To hear Mirren tell it,
“UNDERNEATH THE LAUGHS AND BURSTS OF VIOLENCE, RED 2 IS ABOUT SOMETHING SUBSTANTIAL. AT ITS HEART, THE MOVIE IS A LOOK AT HOW TOUGH IT IS TO GROW OLD.”
“These are old professionals,” says Mirren. “They are retired, extremely dangerous people with a depth of knowledge and professionalism and world weariness that makes them very phlegmatic and down-to- earth. It’s lovely to play that.”
“At the same time, [they exude] the resentfulness that one gets as one gets older and people are sidelining you and not paying sufficient respect to the amount of work you’ve done and the knowledge you have.”
“It’s very annoying to be condescended to by younger people and that’s what these people are all about – proving themselves.”
At 67, Mirren doesn’t have much left to prove. She’s one of the most acclaimed actresses in Hollywood, with an Oscar for The Queen as well as three more nominations for The Madness of King George, Gosford Park and The Last Station. She’s earned the Best Actress prize twice at the Cannes Film Festival for The Madness of King George and Cal. And she’s netted four Emmys and six more nominations.
In addition to enjoying professional success, Mirren has been married to director Taylor Hackford (Ray, Parker) for the last 16 years. They’ve been together since he directed her in White Nights back in 1985.

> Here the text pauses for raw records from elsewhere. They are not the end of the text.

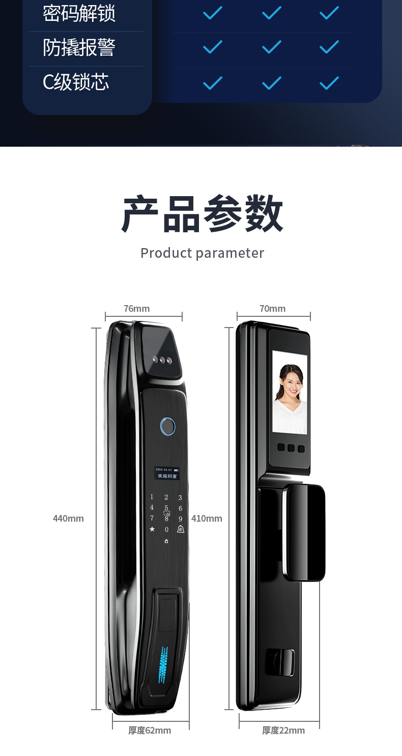Nhận diện khuôn mặt khóa vân tay khóa thông minh khóa cửa thông minh tự động khóa điện tử tổ hợp khóa hộ gia đình bán buôn cửa ra vào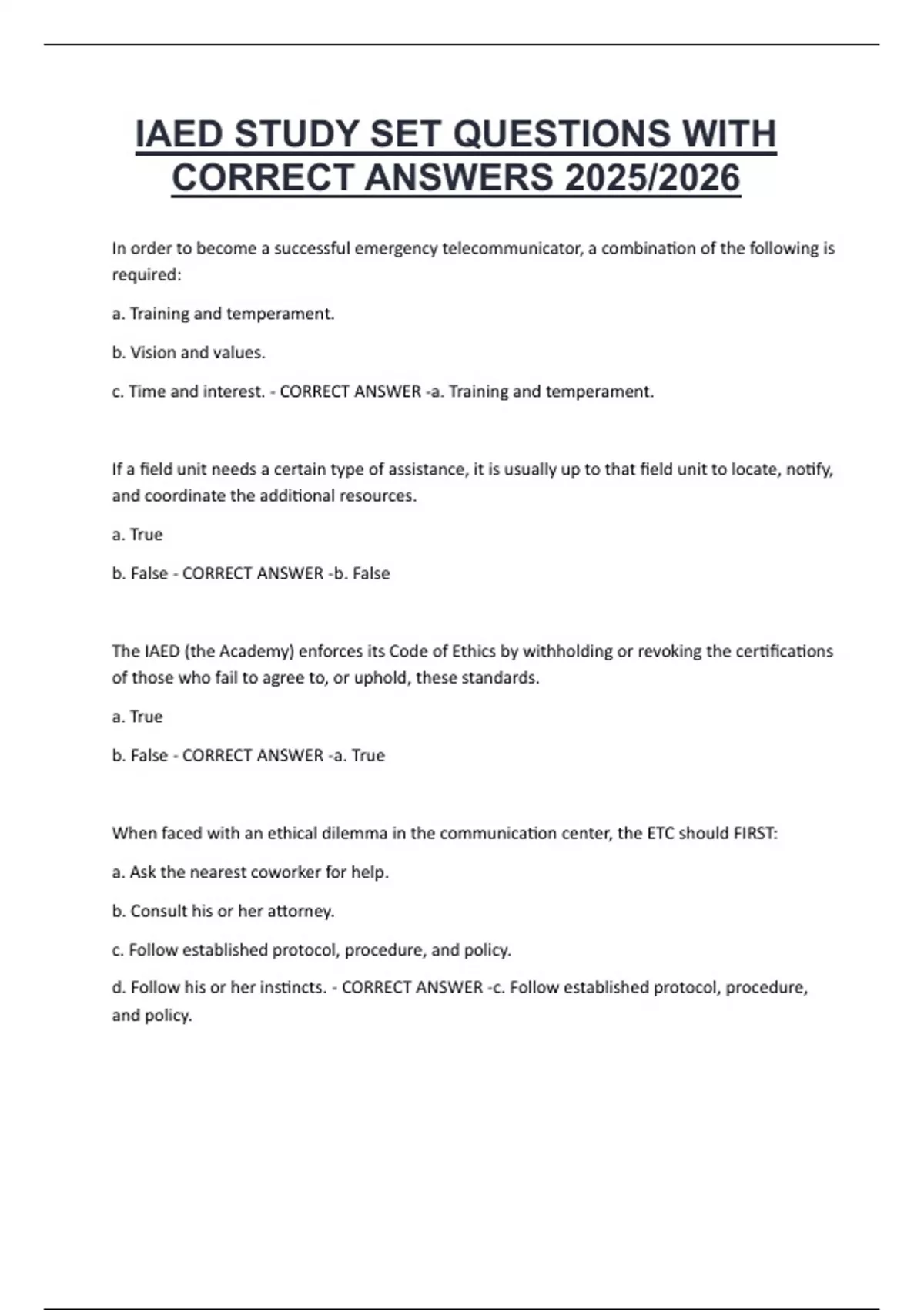 IAED STUDY SET QUESTIONS WITH CORRECT ANSWERS 2025/2026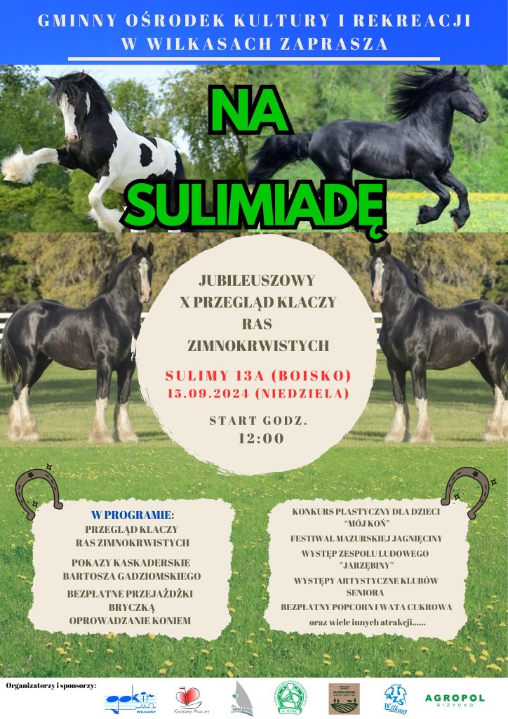 Gminny Ośrodek Kultury i Rekreacji w Wilkasach zaprasza 15 września (niedziela) na Sulimiadę - Jubileuszowy X Przegląd Klaczy Ras Zimnokrwistych. Wydarzenie odbędzie się w...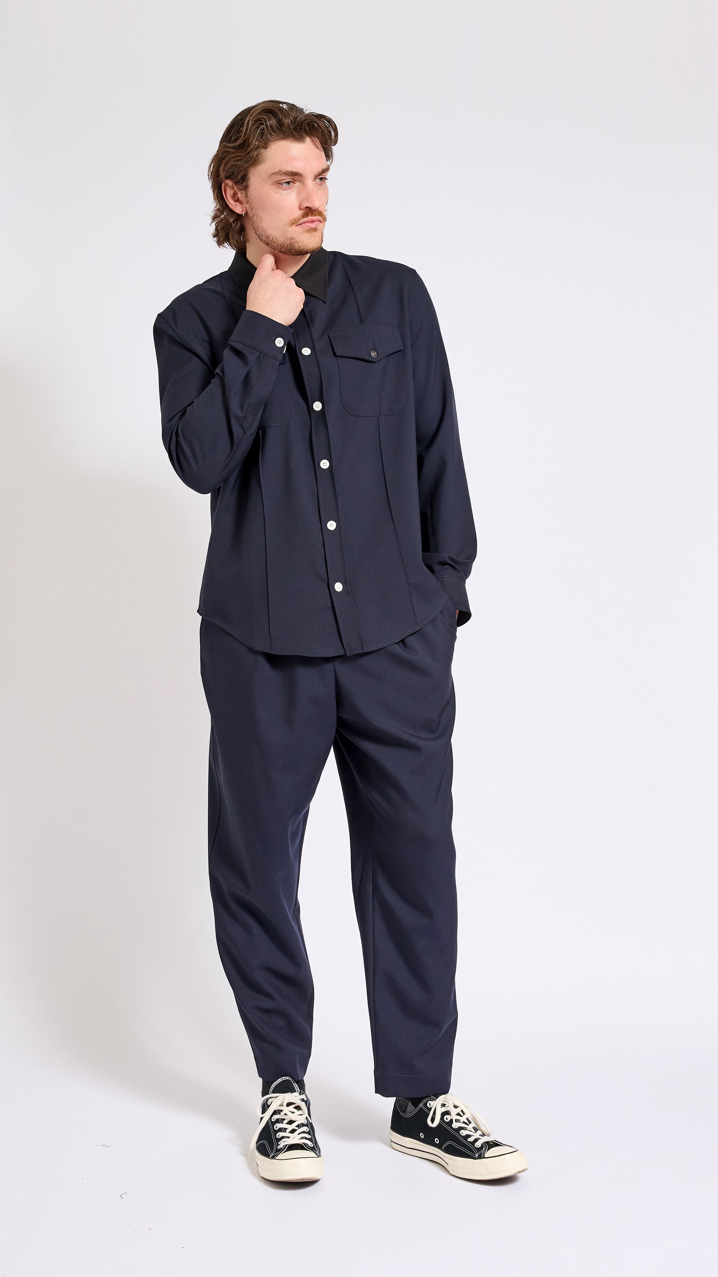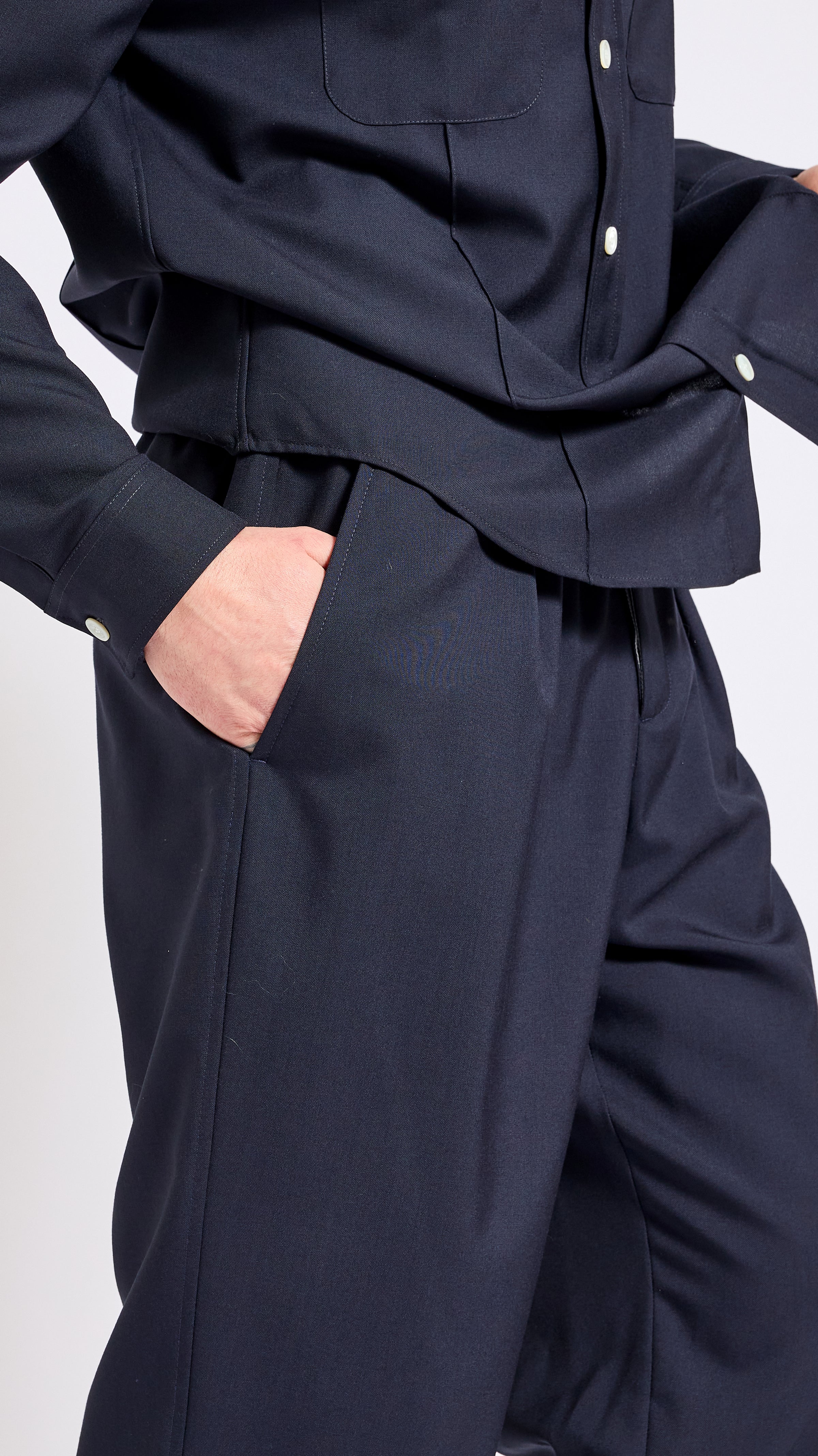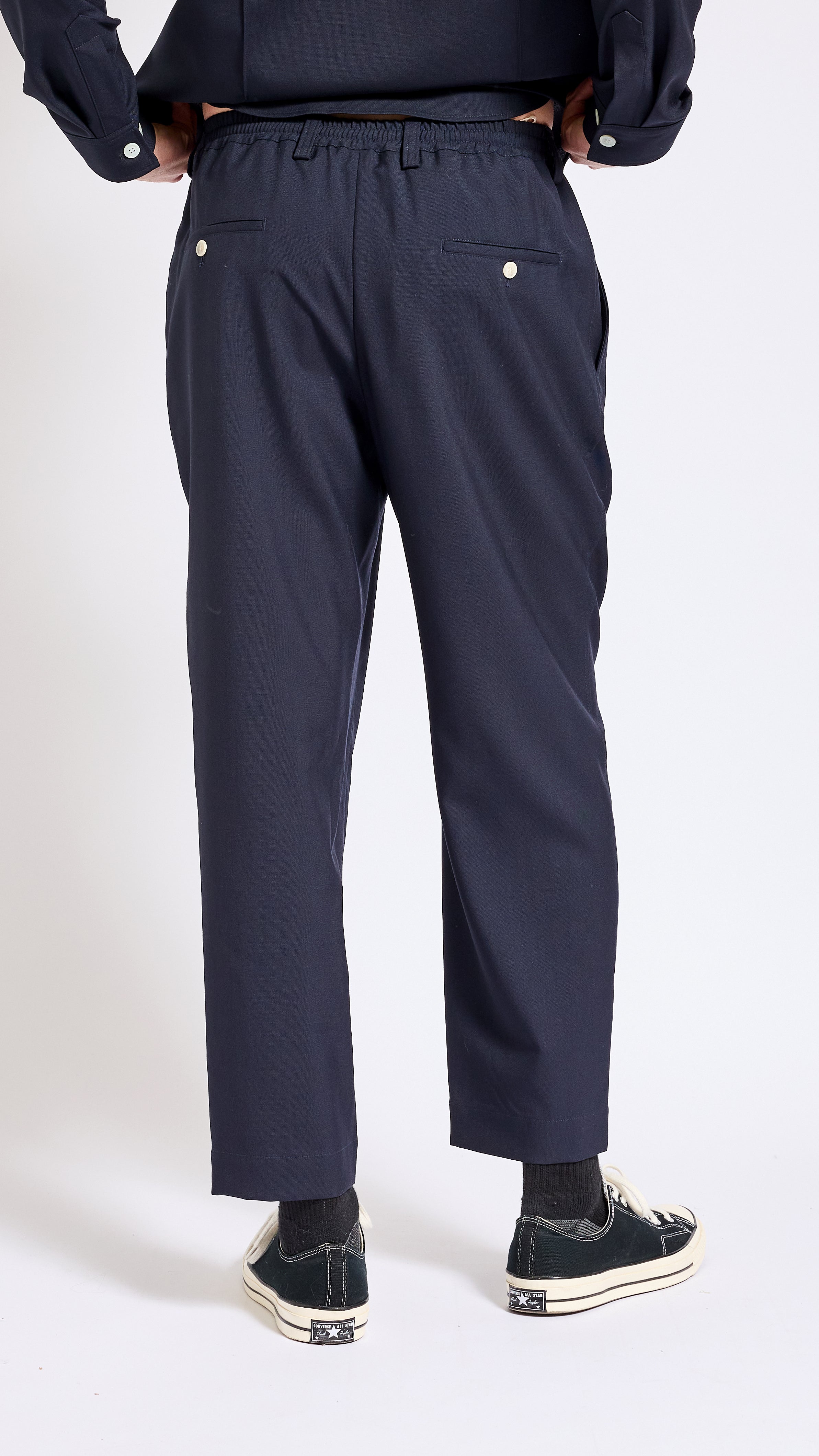 Tropical wool pants in blue/black. Relaxed fit with tapered leg. Elastic waist. Interior drawstring. Two side pockets and two back seem pockets.

“We had the advantage of [finding each other] quite late in life,” says Mirren. “I said, ‘I can’t believe we didn’t get together when we were in our 20s. We’ve missed all that time,’ and he said, ‘If we got together when we were in our 20s, we wouldn’t be together now’ and he is absolutely right.”
“When we were in our 20s, both of us were pursuing our goals and our professions and there wasn’t room in either of our lives for a relationship. We were very lucky that we met when we did.”
Another key to the couples’ happy marriage is the unconditional support they give each other.
“There’s no criticism,” says the actress. “We get enough of that, professionally speaking, in the world. We get brickbats thrown at us all the time so to each other, we are both fantastic. In terms of work, we say ‘it was darling or brilliant.’ That’s all I want to hear from Taylor and vice versa.”
While Victoria might be happily retired from MI:5, Mirren can’t imagine giving up show business to spend her days puttering around Costco.
“I do love Costco,” she says with a laugh. “But Home Depot is really my place. They know me by name in Home Depot.”
But that doesn’t mean Mirren is looking to retreat from Hollywood.
“My husband and I have been building this house in Italy that’s sort of our retirement dream house but actually, in reality, [it’s debatable] if we will ever actually [retire],” she says.
“It’s hard to let go of our business. It’s hard to let go of the creativity involved. It’s also hard to let go of the attention that you get. You don’t think that you’re addicted to, or in love with, that attention. You think it doesn’t mean anything until suddenly you don’t get it anymore.”